J&J effort to resolve talc lawsuits in bankruptcy fails a second time



A U.S. judge on Friday shot down Johnson & Johnson’s second attempt to resolve tens of thousands of lawsuits over its talc products in bankruptcy, imperiling a proposed US$8.9 billion settlement that would stop new lawsuits from being filed.

U.S. Bankruptcy Judge Michael Kaplan in Trenton, N.J., ruled that J&J company’s second bankruptcy, like its first, must be dismissed because the company was not in “financial distress.”

J&J’s first bankruptcy gambit began in 2021, when it offloaded its talc liabilities into a new company, LTL Management, and immediately placed that company into bankruptcy.

LTL’s first bankruptcy was dismissed in April after a U.S. appeals court ruled that it was not in sufficient financial distress to be eligible for bankruptcy protection.

LTL quickly filed for bankruptcy again, arguing that its second effort has won more support from plaintiffs for a comprehensive settlement of current and future lawsuits alleging that J&J’s baby powder and other talc products sometimes contained asbestos and caused mesothelioma, ovarian cancer and other cancers. J&J has said its talc products are safe and do not contain asbestos.

Attorneys representing cancer victims, along with the U.S. Justice Department’s bankruptcy watchdog, had called for LTL’s second bankruptcy to be dismissed as an abuse of U.S. bankruptcy law. Cancer victims who oppose the bankruptcy settlement argued that the second bankruptcy recycles a failed legal strategy to keep their cases from being heard by juries.

J&J argued that the proposed bankruptcy settlement offers a fairer and faster resolution for cancer claimants than litigation in other courts. J&J compared recent trials to a “lottery” in which some litigants receive large awards and others get nothing. It said that the costs of its talc-related verdicts, settlements and legal fees have reached about US$4.5 billion.

Plaintiffs’ lawyers who opposed the US$8.9 billion offer said that J&J had created the “illusion” of support by signing deals with plaintiffs’ lawyers who quickly signed up large numbers of clients without ever filing any lawsuits against J&J.

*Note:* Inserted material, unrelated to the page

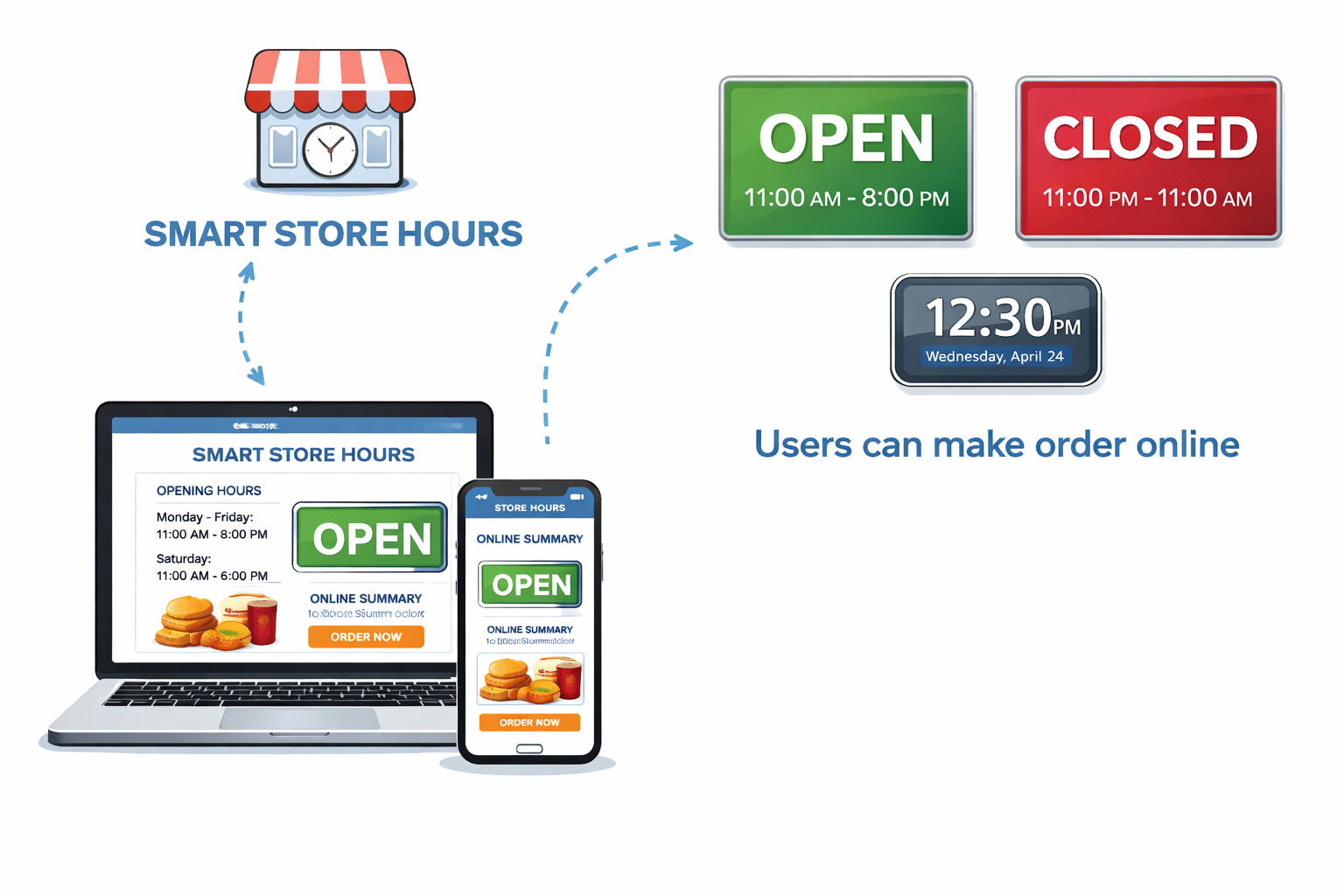 Protect your workflow. Automatically hide "Add to Cart" buttons when your physical store is closed. Display the exact next opening time dynamically to keep customers informed.

By settling the lawsuits in bankruptcy, J&J could cram down the settlement terms on cancer victims opposed to the deal, and prevent new lawsuits from being filed by people who develop cancer in the future as a result of their talc use, according to lawyers opposed to the deal.

LTL’s bankruptcy proceedings have largely paused the 38,000 lawsuits that were filed before October 2021. Kaplan allowed one case to proceed to trial during LTL’s second bankruptcy, resulting in a US$18.8 million verdict in favour of a California man who said he developed cancer from exposure to J&J baby powder.